IN THE NEWS: CBC News (November 24, 2016)

[From the article “We’ve Been Deceived: Many Clinical Trial Results Are Never Published”] It is now common practice for clinical trials to register their protocols prior to enrolling participants.  These efforts are important if the research community is to have a better understanding of the research that has been done, and is ongoing.  Such efforts are also useful to constrain data mining and the discovery of spurious correlations. 
However, just because a trial is registered, doesn’t mean that the results are reported.  And this contributes to the phenomenon of publication bias. A new tracking system called “TrialsTracker” is intended to identify the extent to which the results from clinical trials are not reported. The article reports that Canadian research institutions are among the worst when it comes to not reporting the results of clinical trials.  To read more, click here.  Elsewhere, studies have shown that trials with negative results are twice as likely to go unreported than trials that produce statistically significant results (see here).

 

Pre-Publication Independent Replication: What Is It?

In a recent paper, Schweinsberg et al. (2015) propose the idea of a “pre-publication independent replication” (PPIR).  The idea is that an author(s) with a one or more studies that have identified interesting results but that have not yet been published, coordinate with a number of other researchers to have their initial results replicated.  
Designed for experimental results in social psychology, but not necessarily limited to those, the original authors solicit other laboratories after obtaining their results.  They collaboratively work out the replication protocols and criteria.  Ideally, multiple replicating labs are involved so as to increase sample sizes.  
PPIR is unlike other replication efforts such as the Reproducibility Project and Many Labs Projects because (i) findings are replicated before they are published, and (ii) the author of the original studies selects labs to replicate the results so as to ensure replicator expertise.  PPIR is a way to ensure that new results are vetted before they work their way into the literature and become accepted as “fact.”  
The authors demonstrate their approach by replicating ten experimental findings on “moral judgement effects” produced by social psychologist Eric Uhlmann at INSEAD and coauthors, employing 25 laboratories as replicators.  They obtained a replication rate of 60-80%.  The paper also discusses various issues associated with PPIR and other replication approaches.  To read more, click here.

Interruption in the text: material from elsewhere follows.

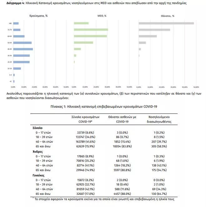Ο αριθμός των ασθενών που νοσηλεύονται διασωληνωμένοι είναι 521 (61.8% άνδρες). Η διάμεση ηλικία τους είναι 67 έτη. To 85.6% έχει υποκείμενο νόσημα ή/και ηλικία 70 ετών και άνω. Από την αρχή της πανδημίας έχουν εξέλθει από τις ΜΕΘ 2.411 ασθενείς. Οι εισαγωγές3 νέων ασθενών Covid-19 στα νοσοκομεία της επικράτειας είναι 231 (ημερήσια μεταβολή +12.14%). Ο μέσος όρος εισαγωγών του επταημέρου είναι 227 ασθενείς.Η διάμεση ηλικία των κρουσμάτων είναι 44 έτη (εύρος 0.2 έως 106 έτη), ενώ η διάμεση ηλικία των θανόντων είναι 78 έτη (εύρος 0.2 έως 106 έτη).

A Painful (but Hilarious) Look at Data Availability and Reuse

[From the website, The Scholarly Kitchen] “Data availability and re-usability starts with best practices in collecting and storing data in the first place. The exasperatingly funny video below shows what happens when those best practices are ignored, something that’s much more prevalent than it should be.” To check out the video, click here.
PS. We await the sequel where the researcher finally is able to read the data and run the regressions, but then is not able to reproduce the results reported in the published article.  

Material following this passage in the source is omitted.